- EXERCISE
Wherever an image appears in the entries, drop it and reproduce everything else exactly.
*** MATERIALS PROVIDED
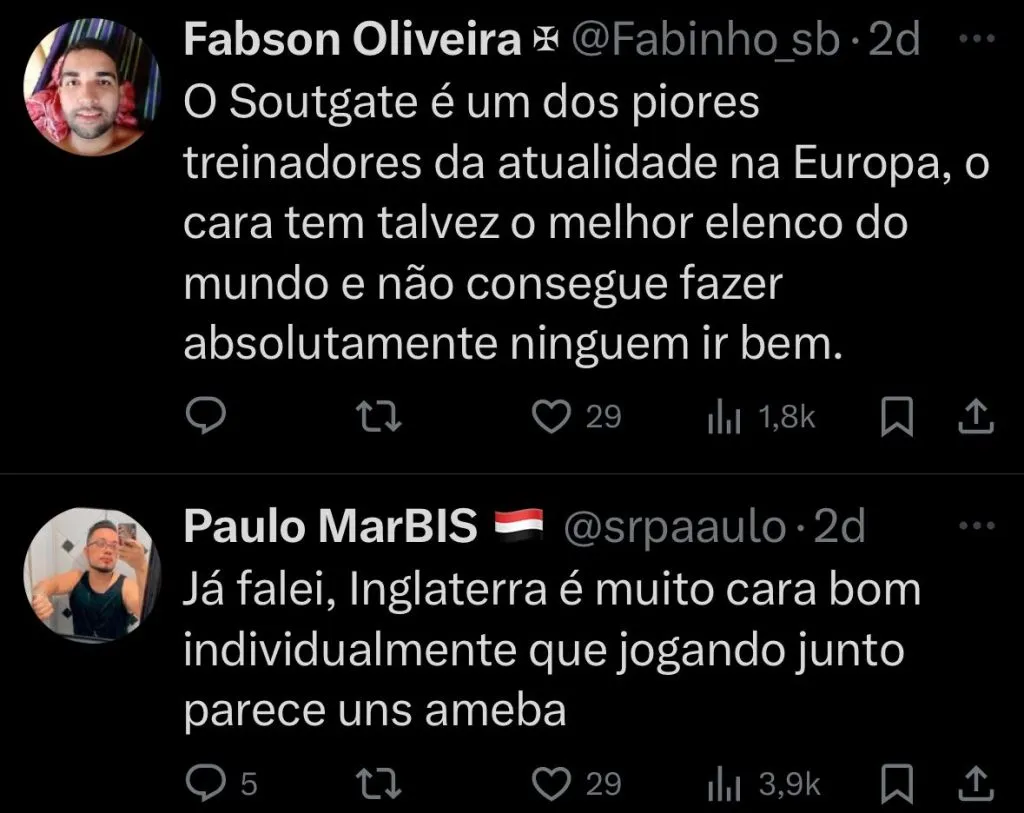 Além disso, a Inglaterra teve os polêmicos cortes de James Maddison e Jack Grealish, o que não caiu bem no vestiário da seleção.
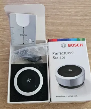 Sensore wireless Bosch/termometro di cottura HEZ39050 Perfect Cook, in nero/argento Prodotto pari al nuovo, mai usato e nella sua confezione originale. Design moderno e compatto. Ideale per un controllo preciso della temperatura. La scatola contiene: 1 Sensore di cottura wireless 1 Batteria 5 Cuscinetti in silicone NB: Solo per piani cottura a induzione compatibili con i sensori Bosch Perfect Cook. #bosch #masterchef #cucina #induzione
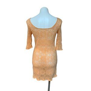 Vintage 90s French Crochet Lace Shift Dress in Peach Color, Made in USA, Los Angeles, California. A Bohemian, Baja, beach junky look, this transparent shift dress is a gorgeous 90s throwback to hippy style. Chunky floral, crochet, daisy-chain lace in a bright and flirty peachy pink color. Deep scoop neck, half sleeves, and bodycon fit.
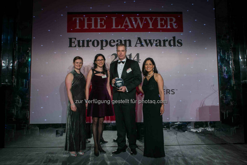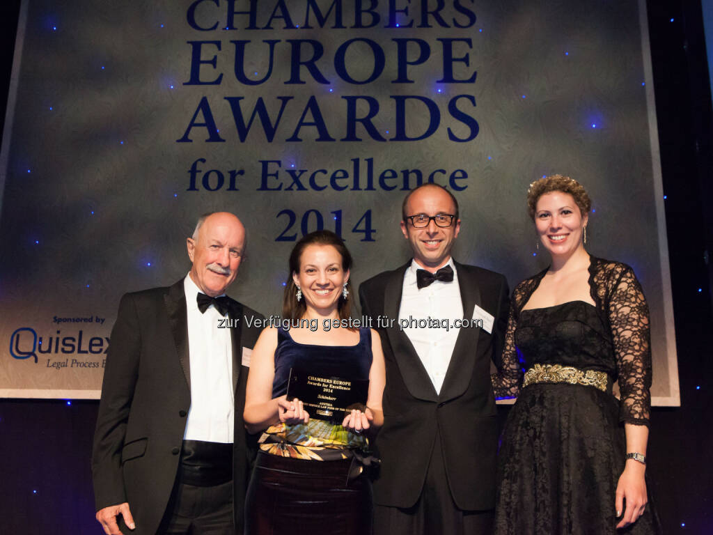 Schönherr gewinnt Chambers „Client Service Award“ für Österreich: Schönherr-Partner Ursula Rath (2.v.l.) und Christoph Haid (3.v.l.) begleitet von den Event Co-Hosts Alastair Sutton (Brick Court Chambers, London) und Georgia Brooks (Redakteurin von Chambers Europe) (Bild: Chambers and Partners), © Aussendung (27.04.2014)
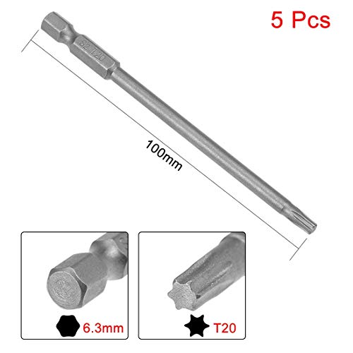 YeVhear 5 pezzi 100 mm lungo 1/4 pollici attacco esagonale T20 cacciavite a testa Torx magnetico punte S2 acciaio legato alta
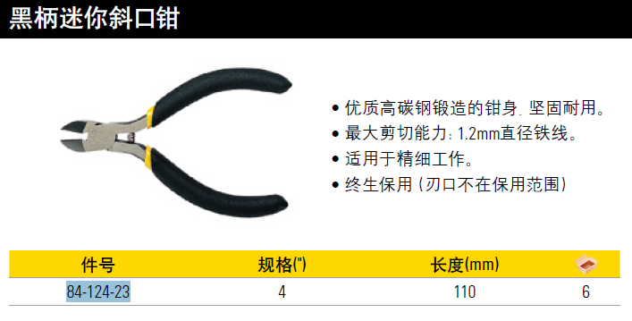 史丹利(Stanley)黑柄迷你斜嘴钳4英寸 84-124-23
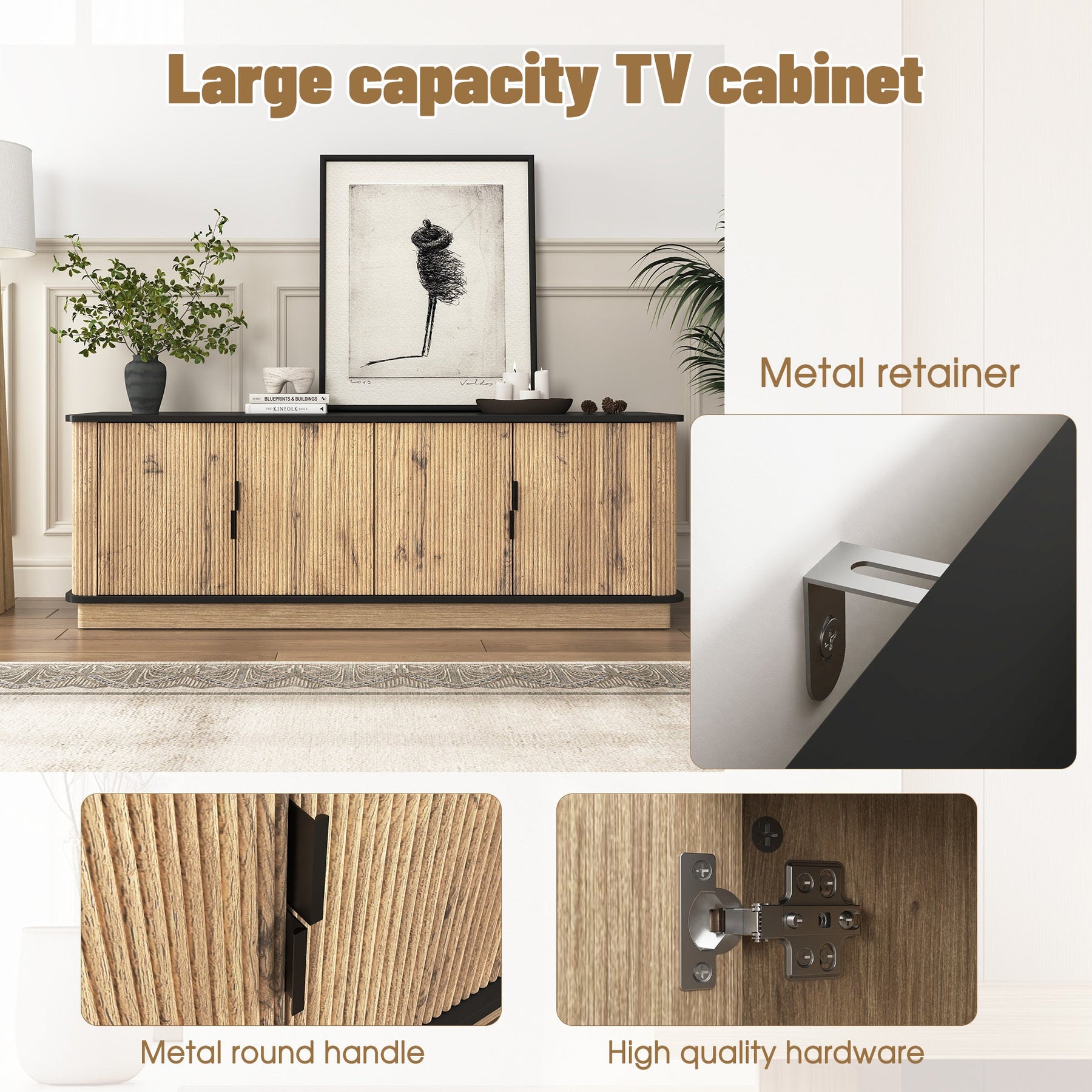 • 【Natural Style Integration】: This natural wood grain four-door MDF TV cabinet brings a warm and stylish atmosphere to your living room with its blend of Nordic and modern minimalist designs.
******
- ANSWER TO THE PROBLEM
 Além disso, a Inglaterra teve os polêmicos cortes de James Maddison e Jack Grealish, o que não caiu bem no vestiário da seleção.
 Sensore wireless Bosch/termometro di cottura HEZ39050 Perfect Cook, in nero/argento Prodotto pari al nuovo, mai usato e nella sua confezione originale. Design moderno e compatto. Ideale per un controllo preciso della temperatura. La scatola contiene: 1 Sensore di cottura wireless 1 Batteria 5 Cuscinetti in silicone NB: Solo per piani cottura a induzione compatibili con i sensori Bosch Perfect Cook. #bosch #masterchef #cucina #induzione
 Vintage 90s French Crochet Lace Shift Dress in Peach Color, Made in USA, Los Angeles, California. A Bohemian, Baja, beach junky look, this transparent shift dress is a gorgeous 90s throwback to hippy style. Chunky floral, crochet, daisy-chain lace in a bright and flirty peachy pink color. Deep scoop neck, half sleeves, and bodycon fit.
 Schönherr gewinnt Chambers „Client Service Award“ für Österreich: Schönherr-Partner Ursula Rath (2.v.l.) und Christoph Haid (3.v.l.) begleitet von den Event Co-Hosts Alastair Sutton (Brick Court Chambers, London) und Georgia Brooks (Redakteurin von Chambers Europe) (Bild: Chambers and Partners), © Aussendung (27.04.2014)
 YeVhear 5 pezzi 100 mm lungo 1/4 pollici attacco esagonale T20 cacciavite a testa Torx magnetico punte S2 acciaio legato alta
 史丹利(Stanley)黑柄迷你斜嘴钳4英寸 84-124-23
 • 【Natural Style Integration】: This natural wood grain four-door MDF TV cabinet brings a warm and stylish atmosphere to your living room with its blend of Nordic and modern minimalist designs.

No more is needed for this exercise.